- _What you need to do_:
Where the line containing "A very much" appears, end the copy there, keeping that line; start from the first line of the entries, copy exactly, and omit pictures.

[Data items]
________
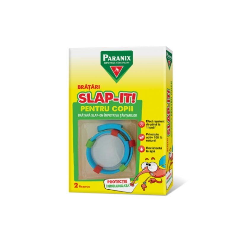 Bratara ce ofera protectie impotriva tantarilor pentru cei mai mici membri din familie, intr-o modalitate, distractiva, fara a intra in contact direct cu igredientul activ si de lunga durata (1 luna). Cei mai mici membri din familie au nevoie de o protectie delicata. Bratara „”Slap on”” este o modalitate lipsita de complicatii, distractiva si de lunga durata, de a va proteja copiii de muscaturi.
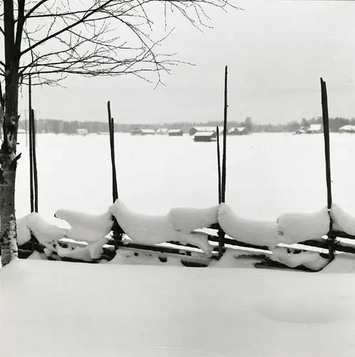 • Utsikt över åkrarna från gården Sunnanåker. Fastbandhage med snögirlanger, februari 1986.
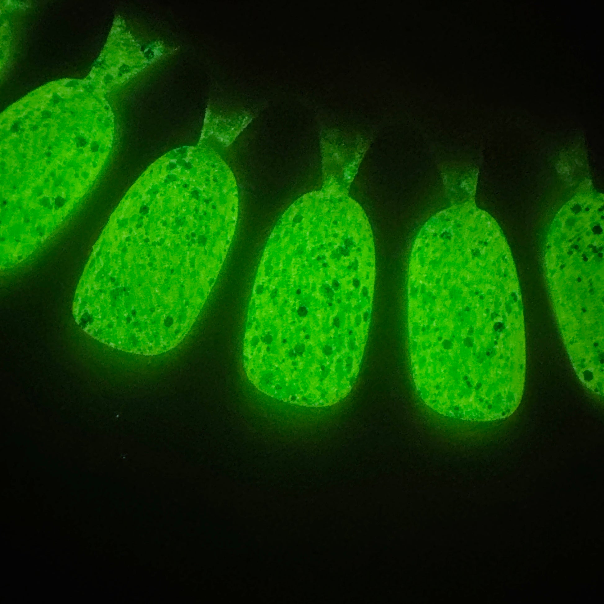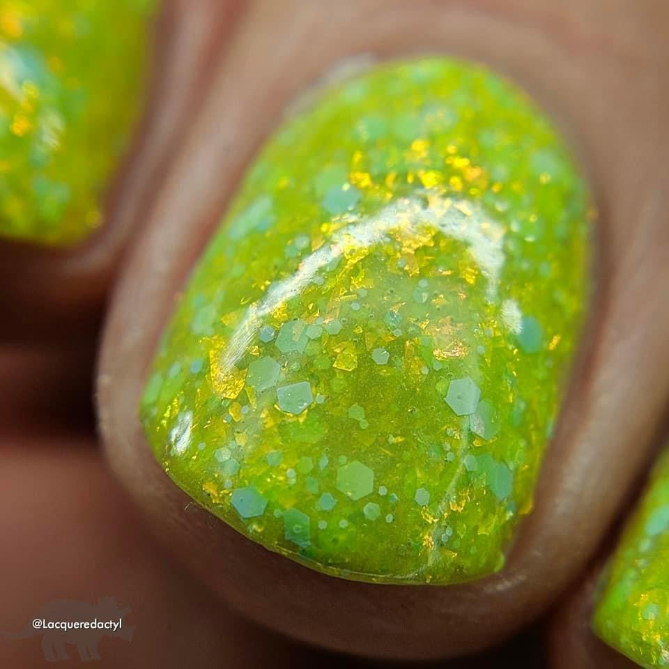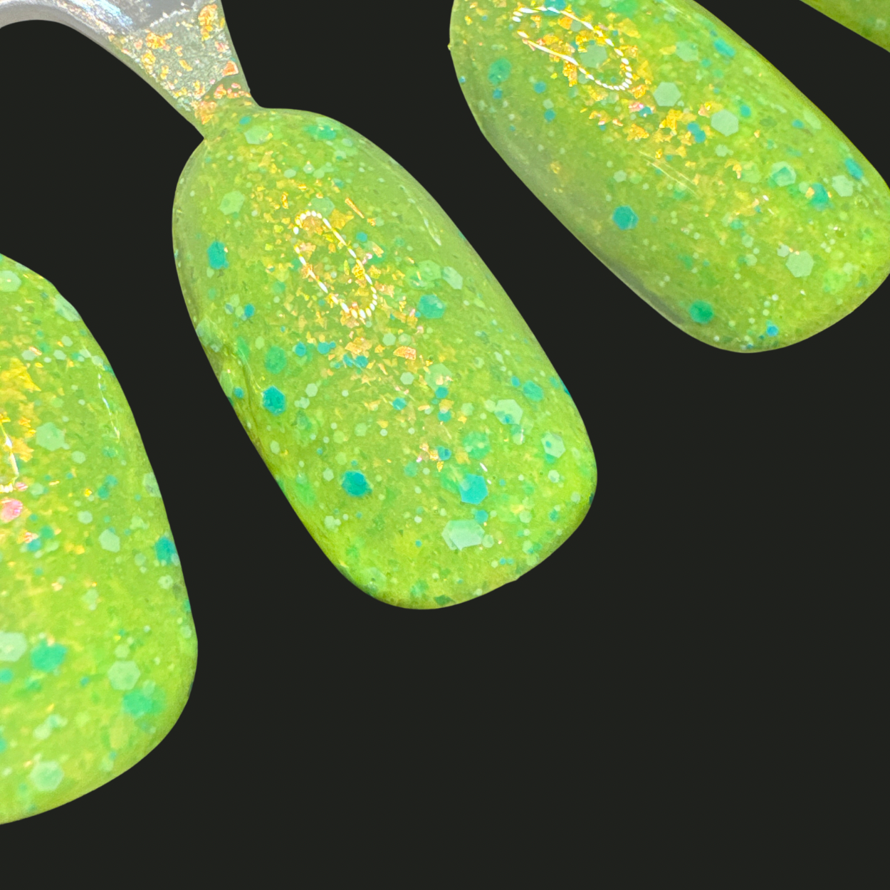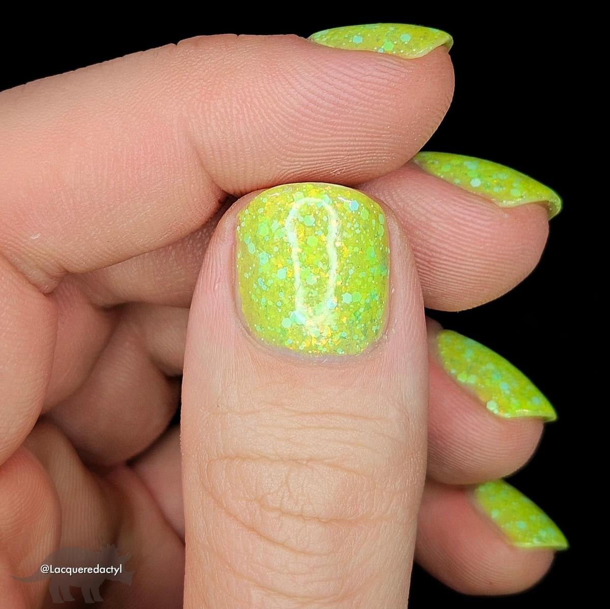 A very much lightened neon yellow with matte hexes and iridescent shifting flakes and glow pigment
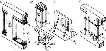 а - простенков разгрузочными стойками; б - столбов и простенков стальной обоймой; в - то же, инвентарными хомутами; г - отдельно стоящих стен двусторонними подкосами; д - высоких простенков двусторонними сжимами; 1 - доска; 2 — стойка; 3 - клинья; 4 — деревянная подкладка; 5 - стальной уголок; б — стяжной болт; 7 - хомуты со стяжными болтами; 8 — подкосы; 9 — бревна; 10 - проволочные скрутки
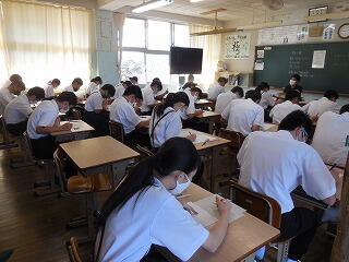 (下、1時間目3年生のテストの様子)
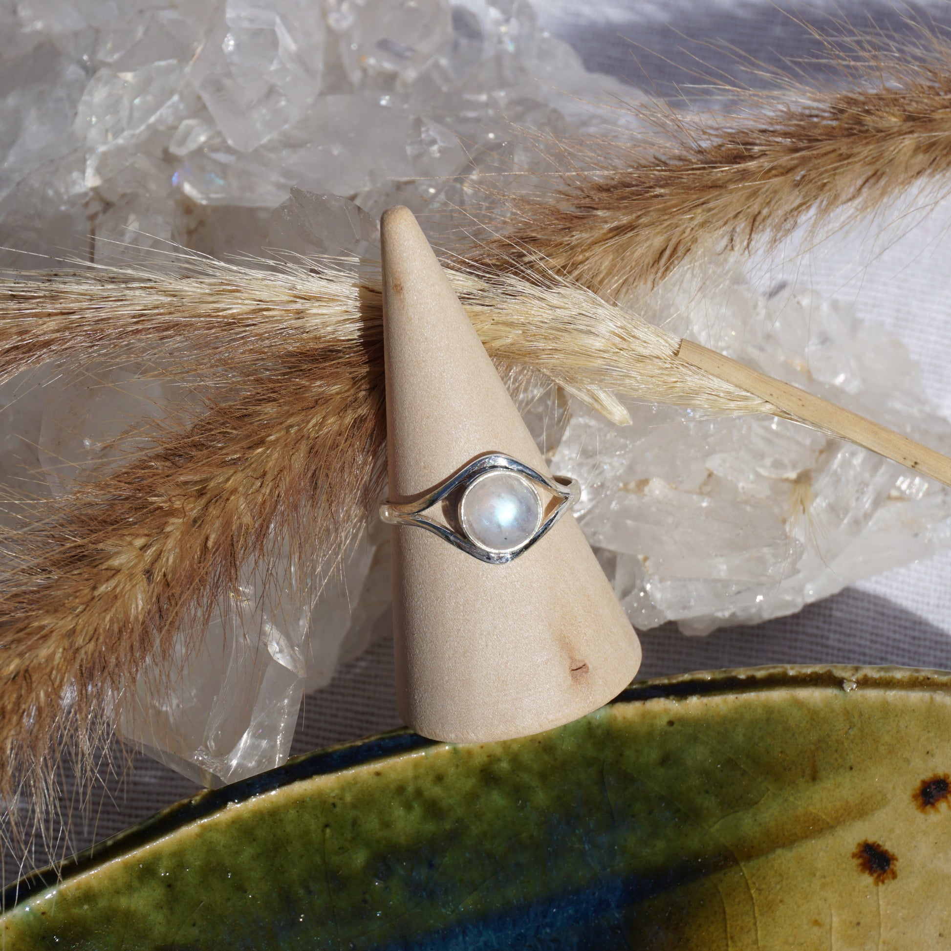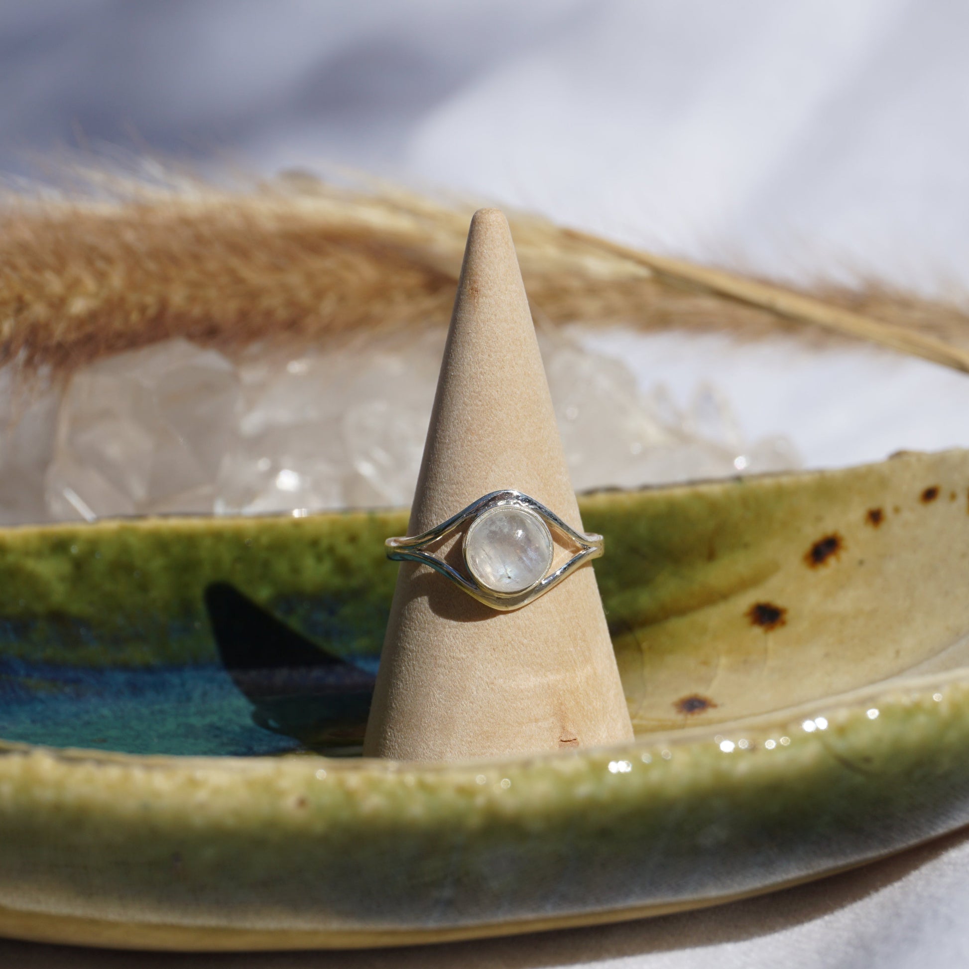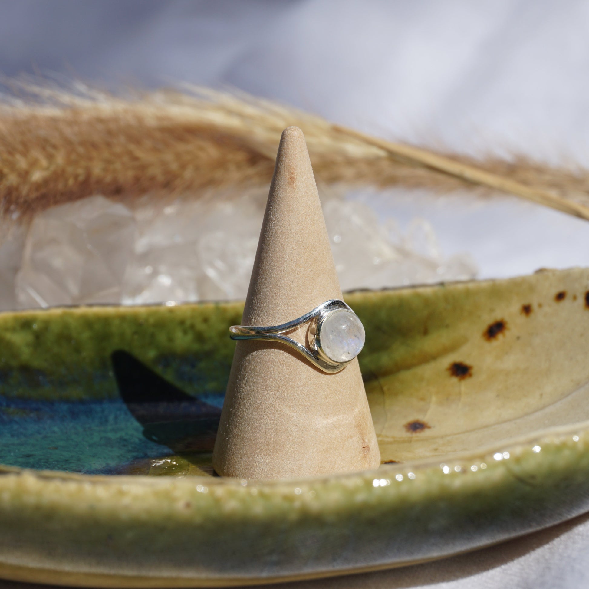 Handgefertigter Ring aus 925 Sterlingsilber mit Mondstein.
________
- _Result of this task_:
 Bratara ce ofera protectie impotriva tantarilor pentru cei mai mici membri din familie, intr-o modalitate, distractiva, fara a intra in contact direct cu igredientul activ si de lunga durata (1 luna). Cei mai mici membri din familie au nevoie de o protectie delicata. Bratara „”Slap on”” este o modalitate lipsita de complicatii, distractiva si de lunga durata, de a va proteja copiii de muscaturi.
 • Utsikt över åkrarna från gården Sunnanåker. Fastbandhage med snögirlanger, februari 1986.
 A very much lightened neon yellow with matte hexes and iridescent shifting flakes and glow pigment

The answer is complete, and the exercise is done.